Abstract

Soil maps and the accompanying soil survey report are used to portray the spatial variation of soils in landscapes by indicating what soils, their proportion and their soil properties are likely to occur at a particular location or within a soil map unit. Soil surveyors intuitively understand this soil variation and how it may occur by reading the landscape. However, soil maps and soil survey reports are often too technical and not easily understood by land managers and decision-makers who are not specialist soil scientists. This chapter demonstrates how conceptual soil-regolith toposequence models can be used to describe (supporting soil survey map data and reports), explain (providing an understanding of the processes) and predict (supporting land evaluation) soil spatial variability in a range of complex landscapes.
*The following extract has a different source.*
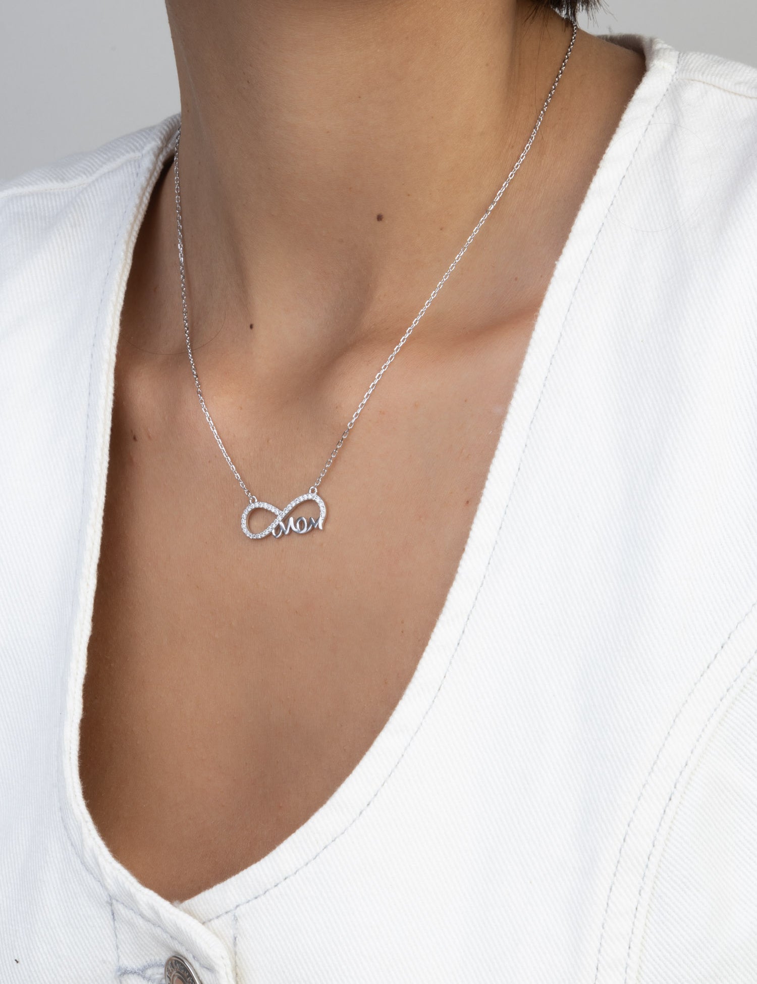 Fio com pendente "MOM" infinito em prata 925 com zircónias

Case studies from Australia and Brunei are provided to illustrate how soil toposequence models are critical to explain, predict and solve practical land use problems, especially in complex soil-landscape environments. These conceptual models provide the following critical data to support land evaluation and ­management decisions by illustrating soil properties that are changing in time and space, which is especially important in salt-affected and acid sulphate soils (e.g. seasonal and climatic changes in occurrences of salt efflorescences), and the most suitable approaches for characterising, monitoring, predicting, managing and displaying soil changes for environmental impact assessments, pollution incidents, waste management and technology support.